Hacker News new | ask | show | jobs
by ajcp 1555 days ago
"Most native RPA automation is GUI based. But let us take a moment so that this sinks in. GUI based automation involves instructing a bot to communicate with another program via the UI. This is analogous to forcing two native speakers to communicate via charades. GUI based automation is always a compromise because there is invariably a more efficient way to perform the same task under the hood. This brings me to my second reason."

The author isn't very clear here and seems to be themselves unclear on how these RPA technologies actually "see" an application.

Every Robotic Operating Model I've ever seen or worked on has always held firm that "surface automation" (think Citrix Receivers and applications built in Silverlight or Flash) should be outside the scope of any RPA solution.

What's left are browser or desktop based "physical" applications that actually have an underlying model used to describe and render a GUI. This is actually what is being utilized by (most) RPA clients.

While correct that the clients do interact with the UI of a program, depending on the application they actually interpret (or "see" it) via the application COM (component object model), or in the case of a webpage, the DOM (document object model). Since these are essentially used to describe what is rendered on screen -usually in a more detailed way then what is actually rendered on screen- the RPA client is able to efficiently and confidently interact with the application.

Take a webpage with a red button to click for example:

Automating purely via UI/surface automation: - Capture 150px by 150px at screen coordinates x and y - Is captured image red with the words "Click me" on it? - Go to x coordinates on screen - Go to y coordinates on screen - Send key 'Right mouse button click" - Pray

Automating via DOM: - Attach to process `Chrome titled "My webpage"` - Is element `<button enabled=true id="superUnique_superDependable" class="clickMe" onClick="navigate(MyOtherWebpage)">Click me</button>` present? - (to browser client) Send key `Right mouse button click` to element id = "superUnique_superDependable" - Wait for process `Chrome titled "My other webpage"`

OR

Automating via DOM: - Attach to process `Chrome titled "My webpage"` - Run function `navigate(MyOtherWebpage)` - Wait for process `Chrome titled "My other webpage"`

1 comments

Author here. I agree entirely with what you say here. But consider this. I once automated an RPA process to create service records for the customer service department. I did this by automating over a Java based UI app, with reliable selectors as you correctly point out.

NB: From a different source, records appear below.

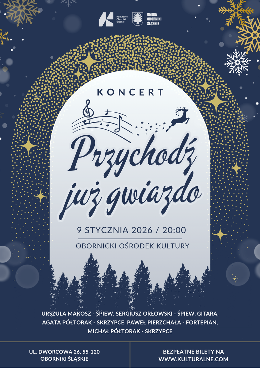 Zapraszamy na koncert świąteczny zatytułowany „Przychodź już gwiazdo”, podczas którego zabrzmią kolędy, pastorałki oraz piosenki zimowe i świąteczne. W programie znajdą się zarówno tradycyjne utwory, jak i współczesne kompozycje, tworzące ciepłą, zimową atmosferę.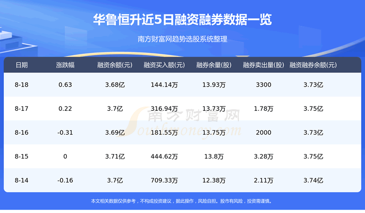 华鲁恒升8月18日融券信息显示,融资方面,当日融资买入144.14万元,融资偿还346.54万元,融资净买额-202.4万元。融券方面,融券卖出3300股,融券偿还1300股,融券余量13.93万股,融券余额448万元。融资融券余额3.73亿元。近5日融资融券数据一览见下表: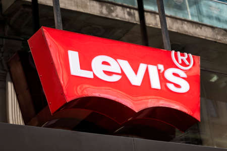 Levi's logo at street, Levi Strauss & Co. is an American clothing company known worldwide for its Levi's brand of denim jeans.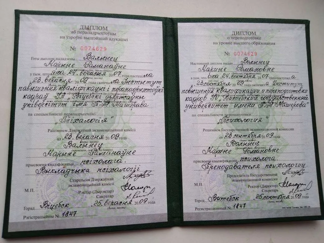 Вуз: Витебский педагогический университет им. Машерова '09, Специальность: Психология

However, that app's UI would keep changing due to updates from the IT department, over which the customer service department had no control over. This is why I call the automation 'fragile'.

But if you are automating using a bot (a software program), why does it not have access to the same pool of data as the UI application (some database somewhere)? Would that not be a more robust means to retrieve it rather than via the UI?

If you are automating a business process via the UI (other than for simulating user interactions for testing) there invariably exists a more efficient way to achieve that end without involving the UI. I have found no exception to this rule.

True, there is (hopefully) always something like a DB on the other end, containing the data in a a fashion that makes it much easier to operate on (sql).

But is that really RPA at that point ? Suppose your task is to scratch some data from a website, calculate something and if some condition is true also perform some form submit.

If you do have access to the actual database you can just use that. If you also have access to the API of the system, you have to "check some box", you might as well just write a normal application that calls some SQL, perform some http-posts and maybe also provides a nice website with that data it crawled, formatted in the way you wanted to calculate the data, in, let's say excel. (Some would say you wrote a microservice.) And if all of this is possible then you're apparently good enough in programming that such a solution is the way to go.

But if you're in the typical corporate environment where the API doesn't exist / you can't access the database / you're not allowed to interact with the checkbox except for the proprietary application, then you're back to what an RPA was supposed to do.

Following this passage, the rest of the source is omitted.